* Exercise aim *
For this exercise, output the entries below exactly from the line that holds "表3-4-4 109 年原住民族失業者平均失業週數─按人口特性及區域分" to the line that holds "Estas elegantes invitaciones", both ends included. No pictures belong in the copy.

[Source records]
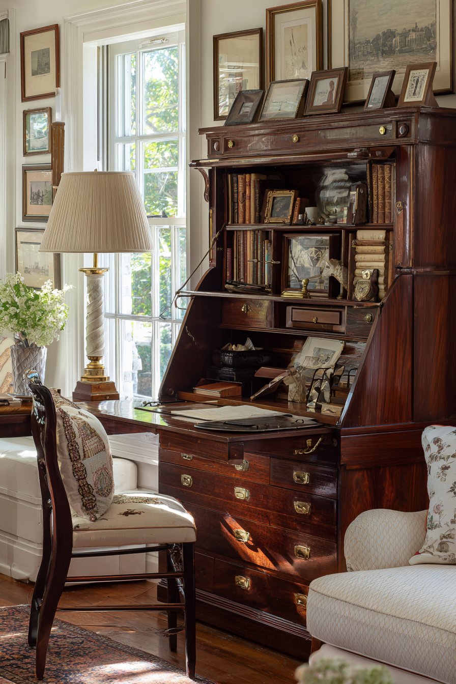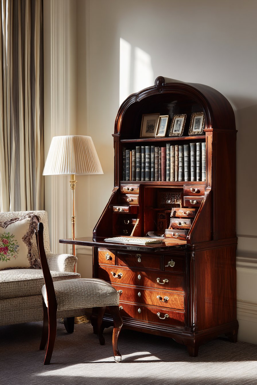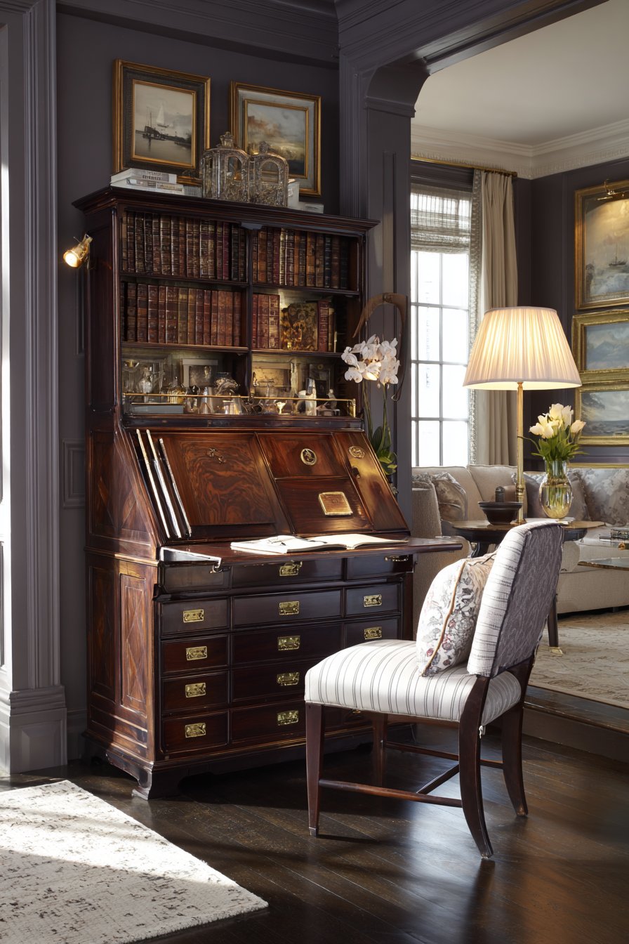 This vignette demonstrates traditional design’s appreciation for heritage pieces. Antique furniture adds an authentic character impossible to replicate. Quality leather ages beautifully with proper care. Traditional patterns in the rug provide visual grounding. Everything celebrates craftsmanship and timeless design.
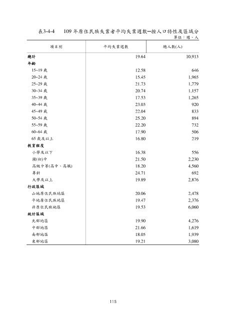 表3-4-4 109 年原住民族失業者平均失業週數─按人口特性及區域分
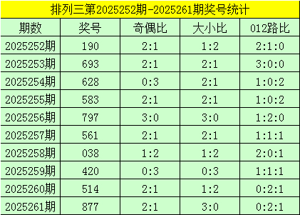 开奖回顾:排列三第2025261期奖号为:877,其奇偶比为2:1,大小比为3:0,奖号012路比为0:2:1。
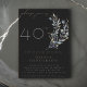 Estas elegantes invitaciones para el cumpleaños de adultos negros y dorados están diseñadas con ramas de oliva de color agua pintadas a mano. Personalizar con los detalles de su día especial para las invitaciones clásicas memorables para cualquier hito de cumpleaños
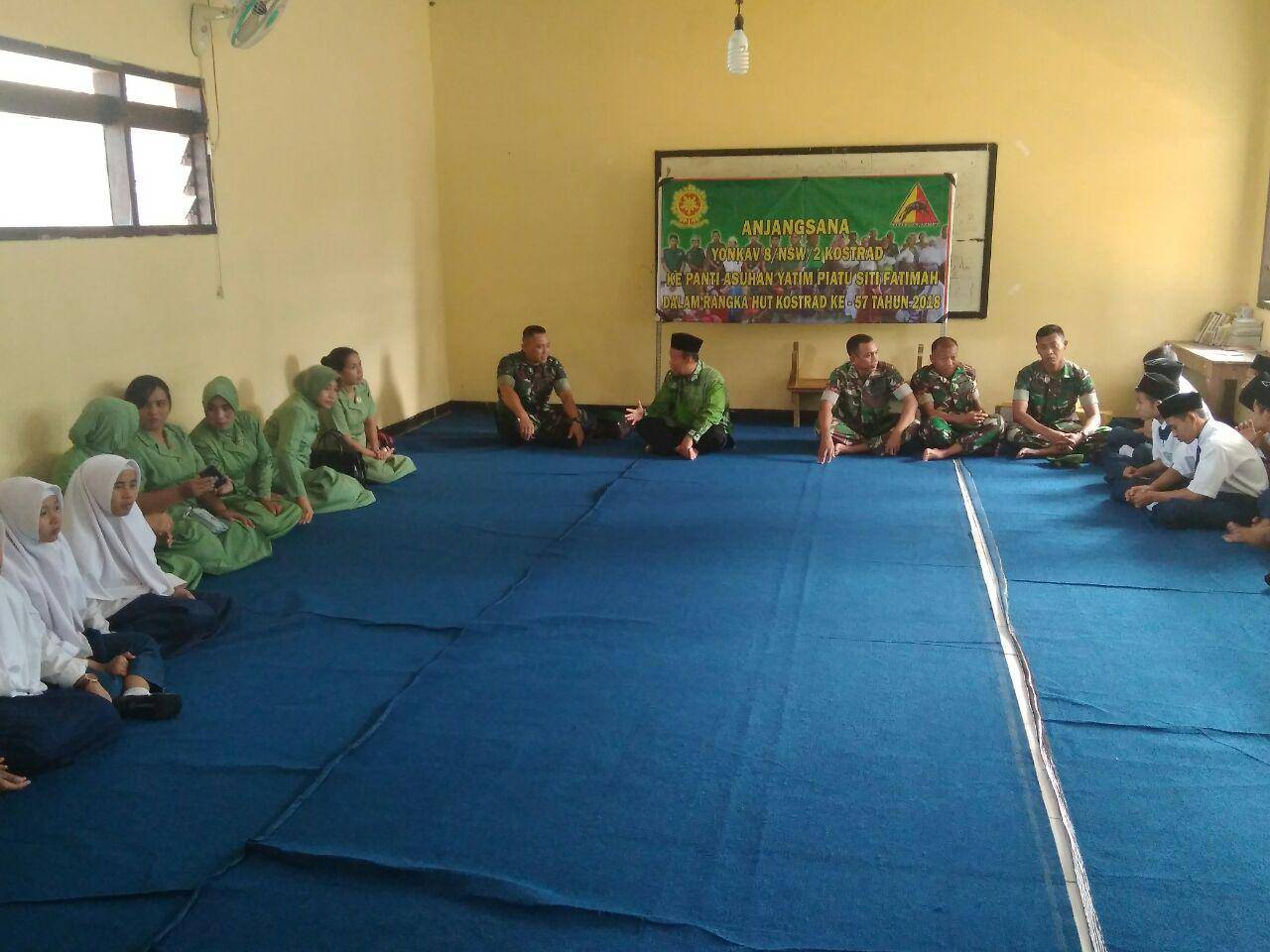 Dalam kesempatan itu Komandan Ki Tank Kapten Kav Nurhaedi menyampaikan bahwa maksud kedatangannya kali ini ke Panti Asuhan Siti Fatimah adalah untuk bertemu dengan anak-anak yatim dan memberikan bantuan berupa Sembako dan peralatan tulis, serta berharap agar anak-anak yatim/piatu di Panti Asuhan Siti Fatimah turut serta dalam mendoakan prajurit Yonkav 8 dalam melaksanakan tugas sehari-hari demi menjaga keutuhan NKRI.

* Solution to this problem *
 表3-4-4 109 年原住民族失業者平均失業週數─按人口特性及區域分
 开奖回顾:排列三第2025261期奖号为:877,其奇偶比为2:1,大小比为3:0,奖号012路比为0:2:1。
 Estas elegantes invitaciones para el cumpleaños de adultos negros y dorados están diseñadas con ramas de oliva de color agua pintadas a mano. Personalizar con los detalles de su día especial para las invitaciones clásicas memorables para cualquier hito de cumpleaños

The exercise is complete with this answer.